Where Is The Stock Headed?

The global spread of coronavirus led to lockdown in various cities across the globe, which affected industrial and economic activity. This is likely to adversely affect consumption and consumer spending. Honda’s revenues and earnings took a hit for the first half of FY 2021, though there are signs of recovery in Q2 2021 as the company reported flat revenue and a growth in earnings compared to the same period in 2020. Q2 2021 also saw the automobile sector improve sales volume by 1% y-o-y to 1,235K units while sales volume for the life creation segment (formerly power products) rose by 18.6% y-o-y to 1,370K.

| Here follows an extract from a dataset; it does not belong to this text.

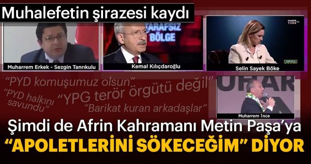 CHP, Türkiye karşıtı ittifakların avukatlığı ve sözcülüğünü yapmaya devam ediyor. Son olarak CHP'nin cumhurbaşkanı adayı Muharrem İnce; Afrin'de PKK'yı kazdıkları çukurlara gömen Mehmetçik'e önderlik eden İ.Metin Temel Paşa için "onun apoletlerini sökeceğim" demişti.
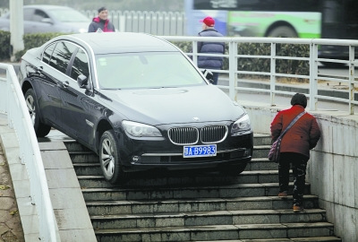 武汉“超牛”宝马开上人行道 走台阶下桥被困(图)

The actual recovery and its timing hinge on the broader containment of the coronavirus spread. Our dashboard Trends In U.S. Covid-19 Cases provides an overview of how the pandemic has been spreading in the U.S. and contrasts with trends in Brazil and Russia. Following the Fed stimulus — which set a floor on fear — the market has been willing to “look through” the current weak period and take a longer-term view. With investors focusing their attention on FY 2022 results, the valuations become important in finding value. Though market sentiment can be fickle, and evidence of an uptick in new cases could spook investors once again. As per Honda’s valuation by Trefis, we have a price estimate of $31 per share for HMC’s stock, reflecting a 7% potential rise from its current level.